Frederic Vasseur needs "time" to settle into his new job as Ferrari team boss.
That is the view of Ferrari driver Carlos Sainz, following Mattia Binotto's ousting - with Sauber-Alfa Romeo chief and Frenchman Vasseur set to start work early in the new year.
"I had my first contact with him as a Ferrari driver yesterday. I called him," the Spaniard told Spanish media at the Estrella Galacia museum.
"It is a change that we hope will be for the better," Sainz added.
"Whenever a new person joins the team there is extra motivation to do well and the team will try to take another step forward. Ferrari is a giant, there are 1,300 people and we have to give Fred time.
"He will need time to see what changes the team needs, but I have heard very good things about him and I know him personally because he wanted to sign me to go to Renault. We had contact and negotiations," Sainz revealed.
"I know he's going to do well."
Already, however, F1 insiders are predicting trouble ahead for Ferrari's latest team boss.
"Vasseur is certainly good," former team founder Gian Carlo Minardi told Corriere dello Sport. "But I would not have changed Mattia Binotto.
"He deserved another chance."
But former F1 driver Marc Surer thinks Frenchman Vasseur is well equipped for the task due to his "very thick skin".
"Alfa Romeo had a number of bad years and he managed to pull the team out of that to some degree," he told formel1.de.
"He has received a lot of criticism in the previous seasons, but he has always remained calm. That means you can also survive at Ferrari."
And Surer thinks Ferrari was right to make a fundamental change after the often calamitous 2022 season.
"Binotto has a great technical background, but during the races he's basically just useless, I'm sorry," he said.
"He accepted way too many of the team's mistakes and tried to justify everything. But you can't just do that. There has to be consequences and Vasseur knows that."
Ferrari insider Leo Turrini, meanwhile, insists that Vasseur has headwinds ahead of him.
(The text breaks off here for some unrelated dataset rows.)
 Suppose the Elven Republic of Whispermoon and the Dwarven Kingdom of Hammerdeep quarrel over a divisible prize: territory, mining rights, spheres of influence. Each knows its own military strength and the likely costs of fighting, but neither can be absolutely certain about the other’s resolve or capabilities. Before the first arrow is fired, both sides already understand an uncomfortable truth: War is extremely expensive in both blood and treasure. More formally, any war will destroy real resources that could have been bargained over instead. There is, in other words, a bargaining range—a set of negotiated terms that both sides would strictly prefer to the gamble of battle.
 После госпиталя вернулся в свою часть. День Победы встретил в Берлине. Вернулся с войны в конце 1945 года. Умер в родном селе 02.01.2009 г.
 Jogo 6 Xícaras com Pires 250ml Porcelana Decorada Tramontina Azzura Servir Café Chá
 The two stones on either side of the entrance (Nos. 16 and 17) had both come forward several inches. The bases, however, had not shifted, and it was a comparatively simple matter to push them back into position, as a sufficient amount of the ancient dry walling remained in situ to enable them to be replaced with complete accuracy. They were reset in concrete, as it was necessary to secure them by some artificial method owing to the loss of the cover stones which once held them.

"Vasseur is a racing expert and he inherits a new car, which can be both a bonus but also an alibi in case of bad results," he said.
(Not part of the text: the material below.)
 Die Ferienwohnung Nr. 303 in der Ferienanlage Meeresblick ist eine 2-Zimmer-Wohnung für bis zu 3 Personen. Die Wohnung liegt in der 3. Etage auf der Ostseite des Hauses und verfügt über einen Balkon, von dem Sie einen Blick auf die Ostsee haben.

"He will have to lead a team of more than 2000 people plus two drivers, as well as revolutionise the pit wall, fix communication gaps, restore political weight, and finally return a winning mentality to a team that has been losing for 15 years," said the Italian.
Indeed, the Daily Mail newspaper insists Red Bull boss Christian Horner was offered the deal but turned it down.
"There is too much politics below the surface at Ferrari," a source close to the Briton said. "Too many egos.
"If someone starts succeeding, someone else pulls him down."